→ Work instructions: The output should match, line for line, the records from the line containing "Hawaiian Blue (70)" through the line containing "हम होंगे कामयाब", with every picture left out.

→ Records shown:
---
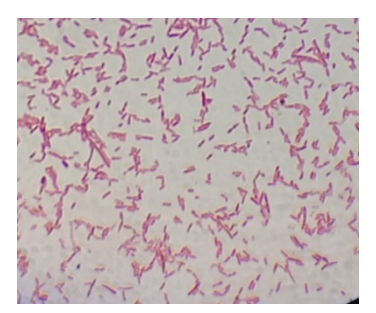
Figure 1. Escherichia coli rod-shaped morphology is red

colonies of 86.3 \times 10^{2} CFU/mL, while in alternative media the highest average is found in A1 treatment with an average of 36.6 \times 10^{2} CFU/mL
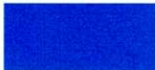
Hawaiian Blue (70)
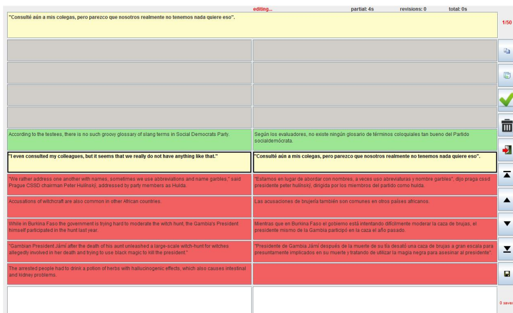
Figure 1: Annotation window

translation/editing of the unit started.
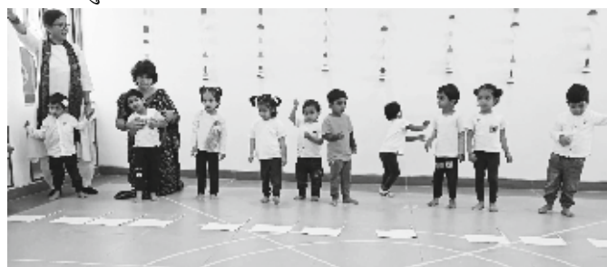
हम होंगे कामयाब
---
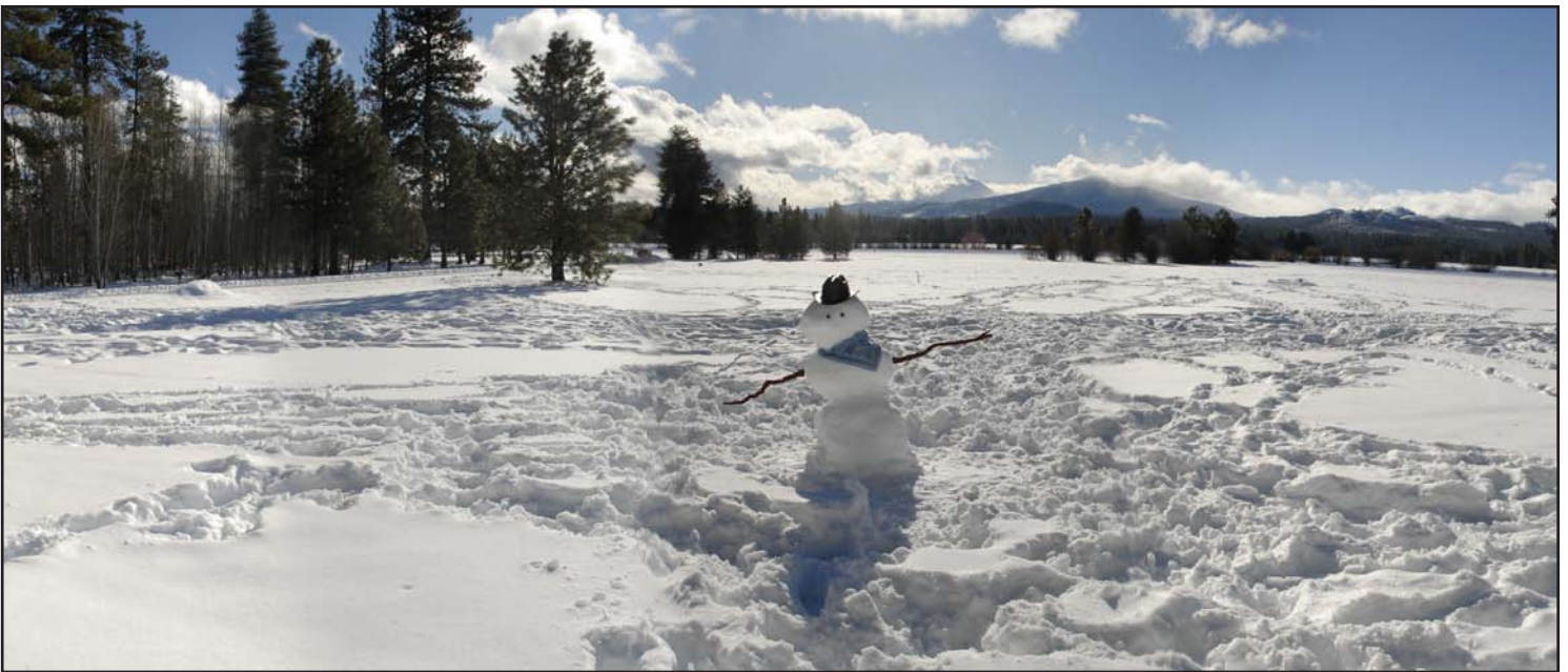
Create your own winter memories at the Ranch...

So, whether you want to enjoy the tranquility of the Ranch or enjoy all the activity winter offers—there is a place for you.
---
→ Final answer:
Hawaiian Blue (70)
Figure 1: Annotation window

translation/editing of the unit started.
हम होंगे कामयाब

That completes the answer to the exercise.